At September 30, 2011, the Company’s goodwill totaled $210.9 million.  The Company’s annual goodwill impairment test is conducted at November 30 of each calendar year and interim evaluations are performed when the Company determines that a triggering event has occurred that would more likely than not reduce the fair value of its goodwill below its carrying value.  During the third quarter of 2011, due to a decline in the market price of the Company’s stock, the market capitalization of the Company was below the carrying value, which we considered a triggering event and therefore performed an interim impairment test.

The test was performed following the same methodology and weightings of the Company’s annual impairment evaluation, which is more fully described in our 2010 Form 10-K.  The Company’s quoted market price is the primary driver in the valuation testing since quoted market prices in active markets provide the best evidence of fair value.   Given recent market conditions, mainly increased industry and overall stock market volatility, the Company used a trailing thirty day average market price and a control premium consistent with industry specific transactions.    The control premium was based on the premium paid in transactions occurring in the past three years by acquirers of publicly traded companies who provide management and information technology services to the federal government, which are similar to the services provided by the Company.  The control premium may vary based upon business, industry and other market conditions.

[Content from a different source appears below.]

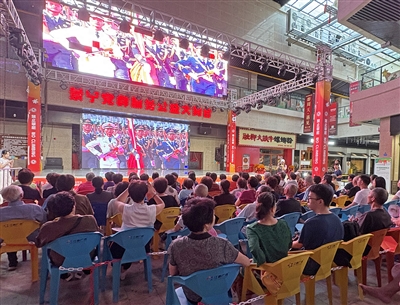 9月3日上午,在东方江泰广场党群服务公益大舞台,巨大的电子屏幕前坐着不少市民,大家神情专注,共同收看纪念中国人民抗日战争暨世界反法西斯战争胜利80周年大会直播盛况,一起重温历史记忆,见证祖国的强大。

Based on the testing performed, management determined that the Company’s fair value exceeded the carrying value of its equity by approximately 25% as of September 30, 2011 resulting in the Company passing Step 1.  Accordingly, the second step of the impairment testing was not required, and no impairment charges were recorded.
  
For the nine months ended September 30, 2011, the carrying amount of goodwill increased $113.3 million related to the merger of HPTi.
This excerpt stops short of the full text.